The Professional's requirement for notifying the City is not to be delayed in order to complete a
forensics investigation or because further research might be needed. Additional information that
may be developed later will be shared with the City as it becomes available. The Professional
agrees to provide any reasonable assistance as is required by the City to facilitate the handling of
any Data Security Breach in an expeditious and compliant manner. The Professional will
provide the City a remediation plan for repair of the system, mitigation of any known
vulnerabilities, and prevention of future beaches.
In the event of a Data Security Breach at City's location, City will alert the Professional about
the incident within 24 hours of the City becoming aware of the breach.

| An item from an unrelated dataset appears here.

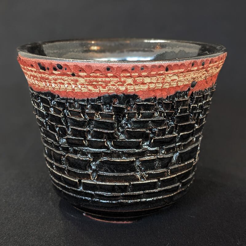色の違う赤土を練り込んで地層のような模様を練上げた素地に

The City will work with
the Professional to determine if any additional security controls are to be implemented.
This provision does not preclude the City from seeking a remedy via court in the State of
Colorado.
(c) Resolution of disputes regarding Personal Data
In the event of a dispute or claim concerning the processing of Personal Data against either or both
parties,the Parties will inform each other about any such disputes or claims and will cooperate with
a view to settling them amicably in a timely fashion.
The Parties agree to respond to any generally available non-binding mediation procedure
initiated by either of the parties. If they do participate in the proceedings, the parties may elect to
do so remotely(such as by telephone or other electronic means).The Parties also agree to consider
participating in any other arbitration, mediation or other dispute resolution proceedings developed
for data protection disputes.
Each Party shall abide by a decision of a competent court in the State of Colorado.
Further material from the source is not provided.